Como contamos em nossa recente série especial sobre a trajetória do GT40 em Le Mans, a primeira vitória aconteceu em 1966, depois que Shelby se envolveu no programa e determinou que o motor small block fosse trocado por um big block, maior e mais potente – em vez do V8 289 (4,7 litros) emprestado do Mustang, o V8 427 (sete litros) do Ford Galaxie. E, claro, com as devidas modificações em estrutura e carroceria para acomodar a nova usina de força. Era o chamado GT40 MkII.

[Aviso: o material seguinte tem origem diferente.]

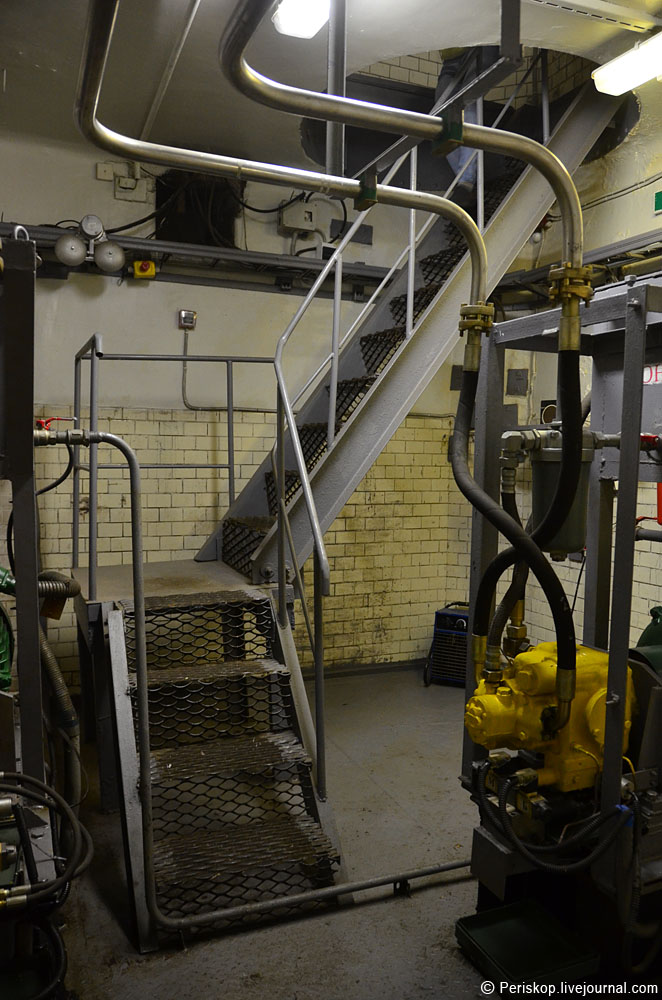 11. Там — машинное отделение: электродвигатели, приводящие в движение масляные насосы. Это самая нижняя технически часть.
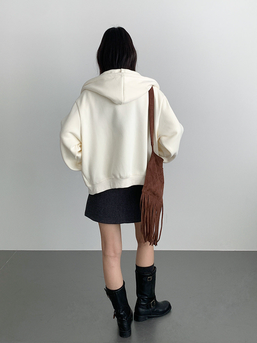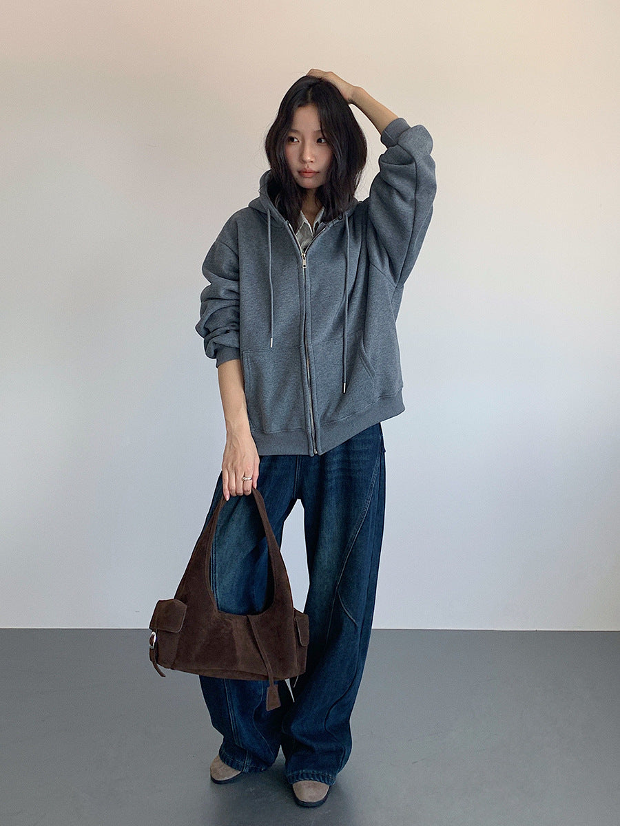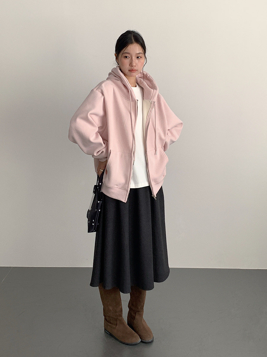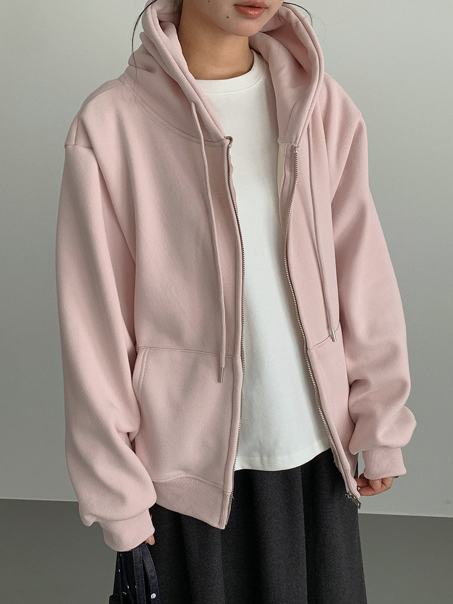 【LD11030】實拍冬季慵懶加絨加厚連帽衞衣外套251124
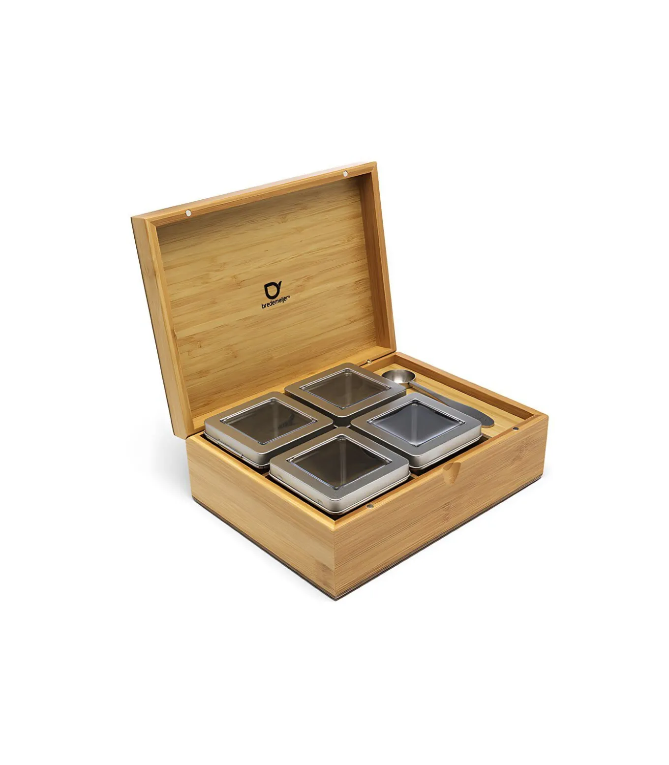 Theedoos Bamboe met 4 blikjes en theemaatlepel
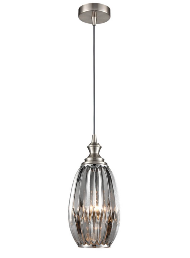 Draw attention to your lighting with this elegant pendant, the design combines a contemporary smoked ribbed glass shade, with a beautiful satin nickel metal work.
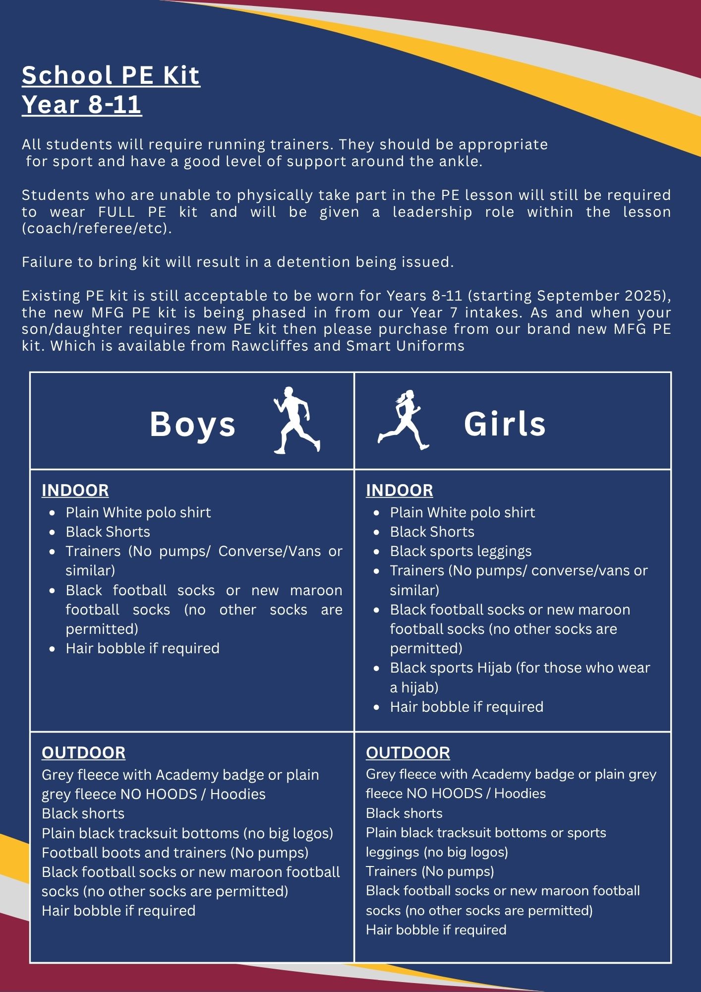 We believe that high standards of dress are important for students as individuals and the Academy as a whole. Our uniform has been chosen because it represents the clearly identifiable standard for The MFG. It is straightforward and smart. It is compulsory for all students, and parents are asked to support the staff in monitoring their child’s dress. The wearing of items of clothing relating to religious beliefs is acceptable, so long as they are in Academy colours.
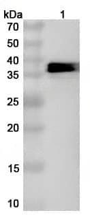Western blot analysis was performed using anti-E1B polyclonal antibody at 1ug/mL on various samples.Lane 1:recombinant HAdV-5 E1B-55K/E1B-495R (Catalog No:TD-VK466022)
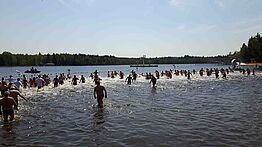 Bei wunderbarem Wetter und ca. 15 °C Wassertemperatur ließen es sich die zahlreichen kleinen und großen Anbader nicht nehmen, sich in die Fluten zu stürzen und einen der begehrten Preise, die in Luftballons versteckt waren, zu erobern. Lauthals unterstützt wurden sie durch die über 2.000 Gäste sowie durch Live-Musik der Leipziger Band The Beefees.
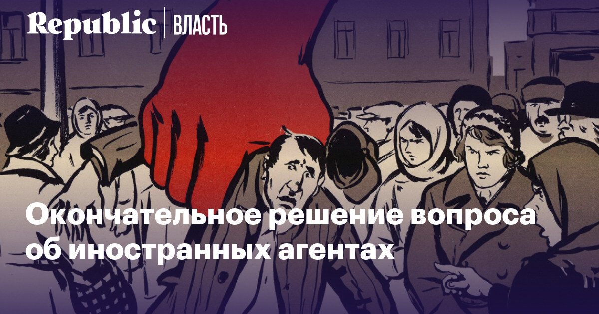 В понедельник, 25 апреля, в Госдуму был внесен проект нового федерального закона, разработанный комиссией Госдумы по расследованию фактов вмешательства иностранных государств во внутренние дела России. Название у него соответствующее: «О контроле за деятельностью лиц, находящихся под иностранным влиянием». Как будто все то страшное и стыдное, что, — как мы наивно думали, — навсегда из жизни ушло, взяло да и вернулось.

Os carros que de fato participaram da corrida têm valor praticamente incalculável (ao menos para pobres mortais, como nós). O GT40 que venceu a corrida nas mãos de Bruce McLaren e Chris Amon – o carro preto de chassi P/1046 – foi comprado por um certo Rob Kauffman em 2014, e passou por uma restauração de mais de 4.000 horas de trabalho. Já o segundo colocado, o GT40 P/1015, de Ken Miles e Denny Hulme, está no museu da Miller Motorsports em Utah, nos EUA. É o carro da foto abaixo, avaliado em mais de US$ 8 milhões.
Nenhum deles estava disponível para gravações, o que não nos surpreende nem um pouco, e por isso os produtores do filme tiveram de recorrer a réplicas. E eles conseguiram as melhores que puderam: dois GT40 Superformance. E agora um deles – o carro usado como hero car por Christian Bale – será leiloado pela Mecum Auctions.
Foi a própria Superformance quem procurou a produção de “Ford v. Ferrari” para lhes oferecer os carros. E não nos surpreende que eles tenham conseguido o job: chamar os carros que eles fazem de meras “réplicas” chega a ser injusto. Na prática, o que a Superformance faz é continuar a produção do GT40 original, usando os blueprints da época e respeitando todas as dimensões e características do projeto, porém com componentes modernos. E eles são os únicos que podem usar emblemas do GT40 e chamar os carros por este nome.
Geralmente quem compra um GT40 Superformance compra um chassi rolante, sem motor, e adquire o conjunto mecânico à parte — uma forma de driblar a legislação americana, que exige testes de segurança e equipamentos de série como airbags e controles de tração mesmo de fabricantes artesanais, algo que está mudando após o “low volume manufatucturers act”. Entre as opções estão crate engines modificados e motores OEM, como o Coyote 5.0 do Mustang. No caso do carro do filme, foi utilizado um V8 Roush 427IR, com deslocamento ampliado para 511 cm³ (8,3 litros!) com injeção K&N, escapamento bundle of snakes e capacidade para entregar 612 cv e 79 kgfm de torque, acoplado a um transeixo Quaife de cinco marchas.
O carro usa construção monocoque de aço eletro-galvanizado que, como já dissemos, é uma réplica perfeita da original. A suspensão dianteira traz braços triangulares sobrepostos assimétricos e a traseira, braços arrastados e braços longitudinais assimétricos, com molas H&R e amortecedores Bilstein nos quatro cantos. Os freios são da Wilwood, e as rodas são um jogo de Halibrand fabricadas pela própria Shelby e incluem até mesmo cubos rápidos à moda antiga, do tipo knock-off (do tipo que se prende e solta com uma martelo de borracha).
Por dentro, há bancos revestidos de couro preto (completos com as marcantes ilhoses de metal), volante Motolita e instrumentos Smiths, reproduzindo o interior dos GT40 da época à perfeição. Não por acaso, o carro foi aprovado e autografado por Charlie Agapiou, o mecânico-chefe de Ken Miles nas 24 Horas de Le Mans de 1966, e pelo filho do piloto, Peter Miles.
O GT40 Superformance será uma das atrações do leilão anual da Mecum em Kissimmee, nos EUA, em janeiro de 2020. O valor estimado de arremate não foi divulgado – e, quando isto acontece, é porque não faria diferença para a maioria das pessoas. Sorte de quem tem bala na agulha para colocar um carro de cinema tão significante na garagem.